Cacao / La Côte d’Ivoire, le Ghana et des industriels signent pour un revenu décent des planteurs
- Publié le 09, jui 2022
- ECONOMIE
La Côte d’Ivoire et le Ghana réunis pour l’Initiative Cacao Côte d’Ivoire-Ghana (ICCIG) ont signé un accord avec 16 industriels, traders et broyeurs de cacao, pour une meilleure durabilité dans le secteur. Cet accord signé le vendredi 8 juillet 2022, à Accra au Ghana, vise également à permettre aux planteurs des deux pays de pouvoir percevoir un prix plus décent.
Les industriels, signataires de cet accord, se sont engagé à respecter le paiement du Différentiel de Revenu Décent (DRD), qui prévoit une taxe de 200 mille Fcfa sur chaque tonne de cacao à verser aux producteurs. Il s’agit des chocolatiers, négociants et transformateurs Barry Callebaut, Blommer, Cargill, Ekom, Ferrero, GCB cocoa, Hershey, JB cocoa, Mars, Mondelez, Nestle, Olam, Puratos, Sucden, Tony’s, et Touton.
Selon l’accord, il est aussi question pour les industriels de payer un différentiel d’origine positif afin de permettre au Conseil Café-Cacao et au COCOBOD (les deux organismes de gestion du cacao en Côte d’Ivoire et au Ghana) d’atteindre le prix plancher de 1 million 300 mille Fcfa la tonne. Ce qui devrait permettre aux planteurs des deux pays voisins, 1er et 2e producteur mondial de cacao de percevoir au moins 70% du prix du marché mondial de cacao comme prix garanti.
« Aujourd'hui, conformément à ces prochaines étapes, les entreprises de la chaîne de valeur du cacao ont rencontré les gouvernements de la Côte d'Ivoire et du Ghana pour renouveler leur soutien au DRD en tant que point de départ vers la réalisation de revenus vitaux pour les agriculteurs », a déclaré Alex Assanvo, secrétaire exécutif de l’initiative Côte d’Ivoire Ghana ((ICCIG), mise en place par les deux pays pour défendre leurs intérêts et parler d’une même voix.

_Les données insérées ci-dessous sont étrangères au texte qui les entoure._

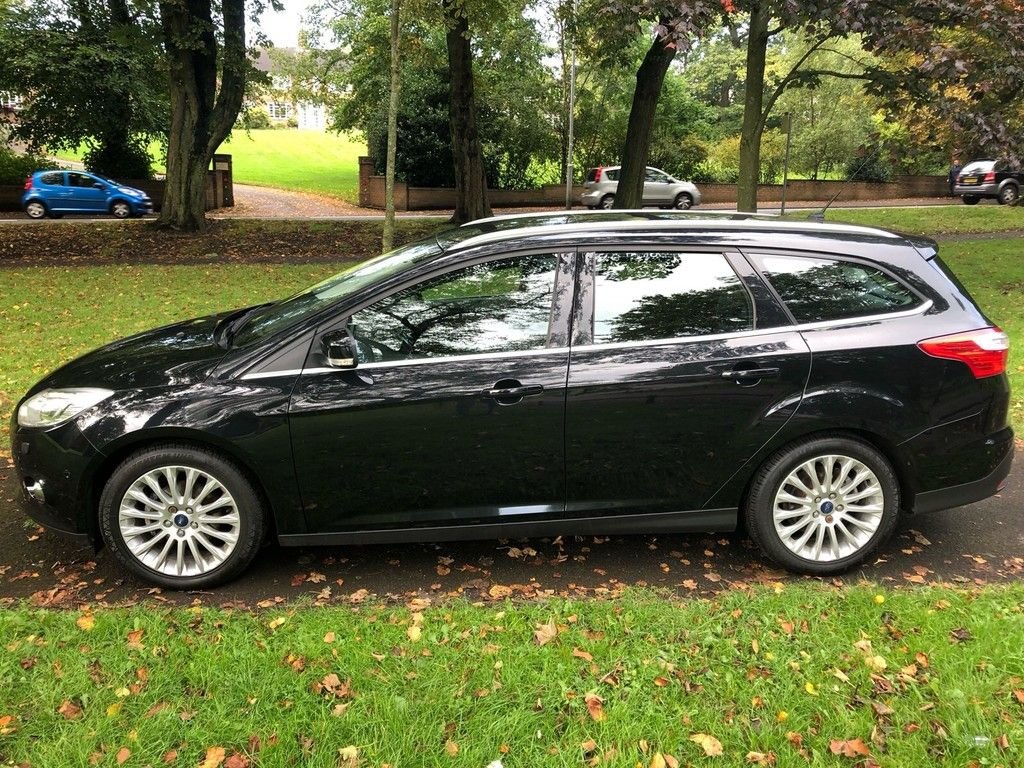 Metallic paint, Special solid - Frozen white, Metallic - Lunar Sky, Sony DAB Premium Sound System with Ford SYNC Bluetooth connection and voice control + Tyre repair kit, 'Ford Power' starter button, Active park assist, Bluetooth connection with voice control and USB port, Digital clock, Door ajar warning, Easy fuel capless refuelling system, Electric boot release, Exterior temperature gauge, Front and rear parking sensors, Lights on warning, Low screen washer fluid warning, PAS, Rear Park assist, Trip computer, ABS+Electronic Brake force Distribution, Deflation detection system, Driver airbag, ESP with traction control + emergency brake assist, Front inertia reel height adjustable seatbelts with pre-tensioners, Front passenger airbag, Front side airbags, Hill start assist, Side curtain airbags, Three rear inertia reel lap/diagonal seatbelts, Anti-burst high-security shielded door locks, Immobiliser-Passive Anti-Theft System (PATS), Locking wheel nuts, Remote central double locking, Thatcham Cat.1 alarm, 9 speakers, Steering column with mounted audio controls, 12V power point front/rear, 2 map reading lights, 4 spoke leather steering wheel with silver accents, 60/40 split back and cushion rear seats with 2 height adjustable headrests, Ambient lighting, Centre console storage box/armrest, Driver's seat electric height adjustment, Driver's seat with adjustable lumbar support, Driver/passenger front seatback pockets, Driver/passenger sunvisors with illuminated vanity mirrors + covers, Dual electronic automatic temperature control air conditioning - CFC-free, Electric heated front seats, Folding rear centre armrest with 2 cupholders, Footwell lights, Front/rear floor mats, Height adjustable front headrests, Illuminated heater controls, Isofix child seat preparation, Leather gear knob, Passenger seat height/lumbar adjustment, Pollen/active carbon filters, Reach + rake adjustable steering column, Rear armrest with storage, Rear overhead dome courtesy light, Sports style front seats, 'Quickclear' heated windscreen/heated washer jets, Auto dimming rear view mirror, Automatic rain sensing wipers, Bi-Xenon headlights and headlight washers, Black headlamp bezels, Body coloured bodyside mouldings, Body coloured bumpers, Body coloured door handles, Body coloured electric folding/heated door mirrors, Body coloured rear spoiler, Chrome finish on upper door line, Electric front and rear windows + one touch + global open/closing, Front fog lights, Front variable intermittent wipers with electric wash, Guide me home headlights with delay switch-off, Headlight levelling control, Heated rear window, High gloss black grille, LED daytime running lights, Tailgate wash/wipe, 17" 15 spoke alloy wheels, City pack - Focus

« Le pacte économique que nous avons signé aujourd’hui (ndr : 8 juillet 2022) a pour but d’encadrer l’ensemble de la filière cacao et faire en sorte que le planteur puisse bénéficier du meilleur prix qui rémunère son travail », a déclaré Yves Brahima Koné, directeur général du Conseil Café-Cacao (CCC).

Avant d’ajouter que “Les industriels se sont tous engagés à faire en sorte que nous ayons un meilleur encadrement du DRD qui permet de mieux rémunérer les planteurs”. Non sans les appeler cette fois au respect des engagements et de la parole donnée, car malgré l’accord et le soutien affiché en 2019 rien n’a véritablement bougé du côté des industriels.
Pour les industriels du cacao et du chocolat, le secteur cacao est aujourd’hui confronté à des défis d’ordre environnementaux, de durabilité et économique et cela nécessite un engagement fort qu’elle entend prendre.
« Le contenu de ce pacte est économique, ce que nous avons signé aujourd’hui est une meilleure rémunération du planteur (…) Nous nous engageons à essayer dans la mesure du possible, en partenariat avec le CCC, le COCOBOD, de promouvoir, d’aider et d’arriver au maximum de rémunération des planteurs », a affirmé Patrick De Boussac, directeur général du négociant français Touton.